„Któż jak Bóg”

Święto Policji

    Nowy tydzień zacząłem na kolanach z prośbą do Matki Bożej o ochronę żony i jej pocieszenie, bo niespodziewanie przyjeżdża do nas wnuczek. Z włączonego radia popłynęła transmisja Mszy św. ze słowami o ucieczce Izraelitów z Egiptu (Wj 14, 5-9a. 10-18)...po 430 latach niewoli.

   Doznałem wstrząsu przy słowach o ich ocaleniu, bo Pan Bóg zawsze dotrzymuje słowa. Faraon wpadł w panikę i ruszył w pogoń (sześćset rydwanów z dzielnymi wojownikami). Dogonił Izraelitów nad Morzem Czerwonym, a wielu wyprowadzonych z niewoli miało wątpliwości, bo było im dobrze i woleliby dalej służyć niż teraz zginąć na pustyni.

   Pan zalecił, aby ruszyli w drogę, a Mojżesz ma rozdzielić morze laską. Tak została ukazana Moc Boga naszego. Popłynęła też pieśń: „Pan jest mocą swojego ludu...moją mocą jest Pan, On jest moim Bogiem nie jestem sam”.

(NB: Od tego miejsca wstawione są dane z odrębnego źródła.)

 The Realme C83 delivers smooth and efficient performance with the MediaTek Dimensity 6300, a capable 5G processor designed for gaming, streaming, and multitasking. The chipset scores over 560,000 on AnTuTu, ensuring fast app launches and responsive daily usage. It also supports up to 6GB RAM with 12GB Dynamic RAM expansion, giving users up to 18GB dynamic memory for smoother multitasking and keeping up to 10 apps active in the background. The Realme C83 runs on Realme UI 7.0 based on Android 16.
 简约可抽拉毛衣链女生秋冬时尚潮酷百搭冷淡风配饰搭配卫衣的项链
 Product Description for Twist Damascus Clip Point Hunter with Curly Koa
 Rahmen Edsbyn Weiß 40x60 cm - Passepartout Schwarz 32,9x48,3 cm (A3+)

   U nas też wielu przyzwyczaiło się do zniewolenia (towarzysze „kasy i pracy”). Spodobały im się cacka (biżuteria), hajs, sława w mediach luftów i dworaków z pańskim życiem i krzywdzeniem „tych, co nie z nami”...

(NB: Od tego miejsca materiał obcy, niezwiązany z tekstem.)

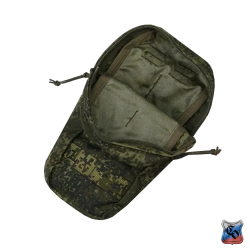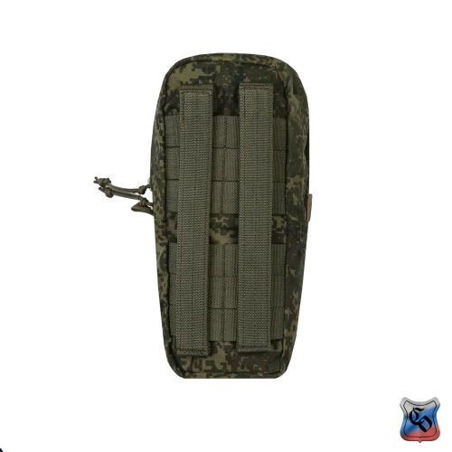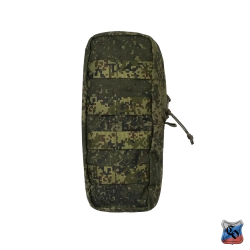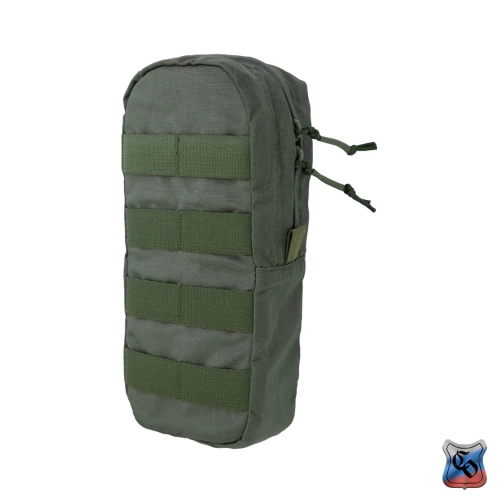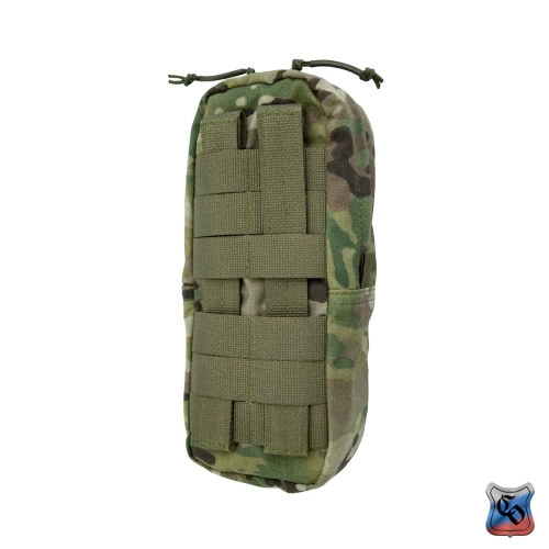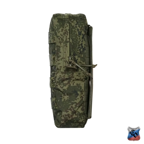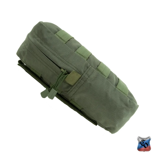 Основная особенность этой сумки, её вертикальное размещение, благодаря чему она имеет достаточно большой объём, но при этом занимает всего 2 ячейки molle на снаряжении. Застёгивается на молнию с 2 бегунками. Молния начинается от середины сумки, благодаря чему есть доступ к предметам, которые находятся даже на дне. Для отвода влаги на дне сумки выполняется отверстие с металлическим люверсом. На снаряжении крепится с помощью строп molle, и занимает всего лишь 2 ячейки в ширину. Для экономии места на снаряжении, сумка обшита molle стропами, на которые можно пристёгивать дополнительные модули. Утилитарку можно использовать для размещения различных предметов, например бутылки с водой и пакетов с едой с химическим нагревателем, горелки формата JET BOIL, баллона с газом, защищенных ночных приборов и даже нескольких ручных гранат. Высота – 250 мм; Длина – 100 мм; Ширина – 70 мм; Вес пустой сумки из материала плотностью 500D – 130 грамм.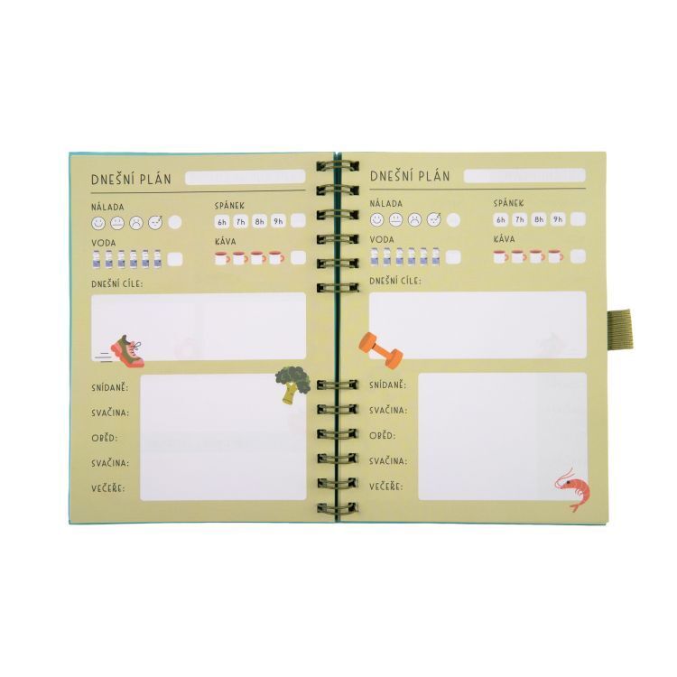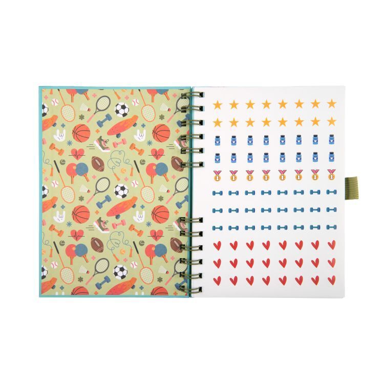 Kompaktní fitness deník s kroužkovou vazbou a denními záznamy potěší každého sportovce. Součástí je i set samolepek. Rozměry deníku: 15 × 19,5 × 1,8 cm

   Teraz, gdy edytuję ten zapis przed nami też jest Morze Czerwone (opozycja totalna), a z UE pędzą rydwany wyborowych znawców wojny hybrydowej. Całkiem zapomniano, że Pan Jezus jest naszym Królem, a wielu woła do Boga Ojca o ocalenie ojczyzny.

    Natomiast za czasów Zbawiciela było podobne przewrotne i wiarołomne plemię, które żądało znaku. Wrogowie mojej ojczyźnie epatują nas wypowiedziami ekspertów oraz młodzieży (resortowych dzieci)...wskrzesza się upiory (Komorowski, Balcerowicz) z bajkami o spontaniczności mailingu z całego świata o tej samej treści: „Precz z Kaczorem”.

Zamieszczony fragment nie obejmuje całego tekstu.